Greece has reached the deadline it couldn’t afford to miss — repaying the European Central Bank.
The country ordered payments on Monday totaling 6.8 billion euros ($7.4 billion) to the ECB, the International Monetary Fund and the Greek central bank, a Greek finance-ministry official said on condition of anonymity. The euro extended gains Monday after the news, before retreating.
“The issue of repayment to the ECB was pivotal, because failure to make the payment would have had a knock-on impact on the ECB’s willingness to continue providing Emergency Liquidity Assistance to the Greek banks,” said Ken Wattret, an economist at BNP Paribas SA in London. “As the realization dawned that Greece was facing a very disorderly, painful exit from the monetary union, the government stepped back from the brink.”
“All my evidence and information leads me to say we will be repaid”

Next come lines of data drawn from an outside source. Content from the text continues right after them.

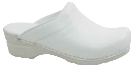
Sonja PU // 1500047 // Size 35-43 Sonja PU Wide // 1500147 // Size 35-43 Karl PU // 1500050 // Size 40-48 PU Leather // 1 White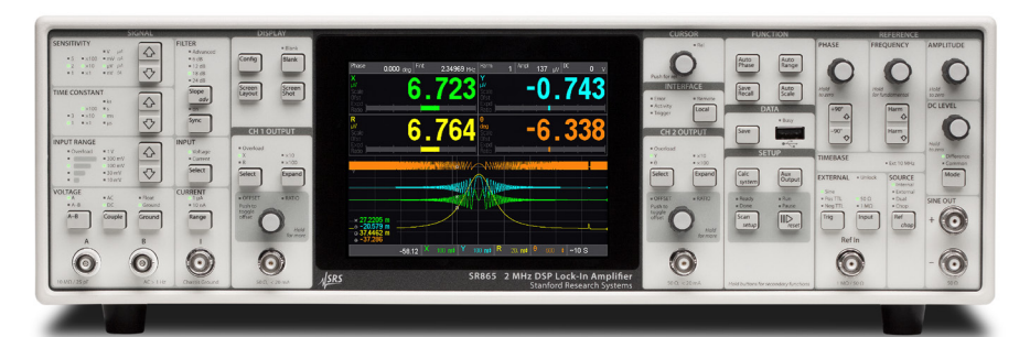
SR865A front panel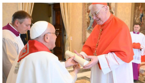
Consistorio Ordinario Público para la Canonización de algunos Beatos

Asimismo, se informa que, "el Beato Carlo Acutis será inscrito en la Lista de los Santos en una fecha por determinar". Probablemente la canonización del joven laico se realizará durante el Jubileo de 2025 junto con otras canonizaciones.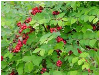
Pg 4 Coralberry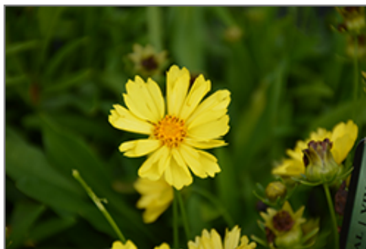
Leading Lady Sophia Tickseed flowers

Leading Lady Sophia Tickseed is recommended for the following landscape applications;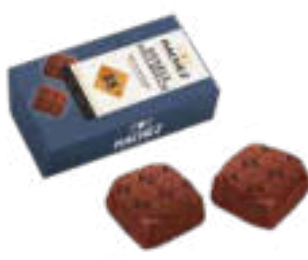
HACHEZ Minibox "A Matter of Taste" (2 Pralinés without alcohol) Article 1159, 22 g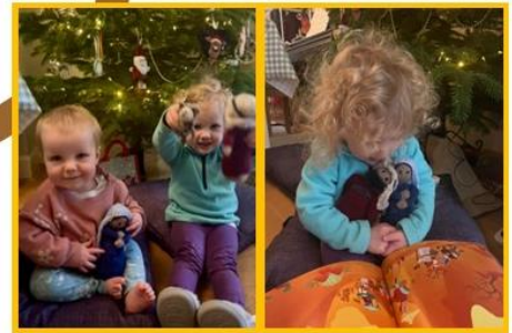
Sharing stories by the tree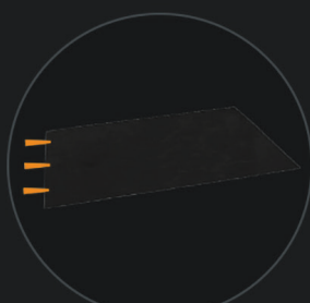
TOP COVER PVC 579669 2.0 kg (4.4 lbs) RUBBER 581226 9.9 kg (22 lbs)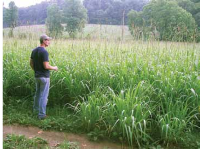
Fig. 8. Eastern gamagrass produces impressive yields of quality forage. Its seedheads appear in June and are quite distinctive.

Like switchgrass, eastern gamagrass produces very high yields and tolerates wet sites (Fig 8). It begins spring growth sooner than the other NWSG and also maintains growth later in the season than the other species – with the exception of indiangrass. It can support high stocking rates due to its high productivity.

Greek banks reopened on Monday, after three weeks of closure, though withdrawal limits and restrictions on transfers remain in place. While the country is seeing the first signs of stabilization, hurdles still loom with a parliamentary vote on its bailout on Wednesday and more aid talks ahead.

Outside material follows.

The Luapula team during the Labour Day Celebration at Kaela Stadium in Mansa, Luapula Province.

The Stoxx Europe 600 index rose 0.6 percent to 407.99 at 1:07 p.m. Frankfurt time. The euro was little changed at $1.0838.
Lawmakers must decide on a second package of prerequisites for further financial aid, including tax increases on farmers. Last week’s vote prompted a rebellion by some members of the Syriza party, forcing Tsipras to reshuffle his cabinet on Friday.
Monday’s payments comprise 4.2 billion euros in maturing debt and interest to the ECB, 2.05 billion euros to the IMF, and 470 million euros to the Bank of Greece, a second finance ministry official said.
An ECB spokeswoman declined to comment on whether payment was received by the institution. European Union law bans the central bank from financing governments, meaning a default would probably require it to pull support from Greek lenders, leaving an exit from the single currency all but assured.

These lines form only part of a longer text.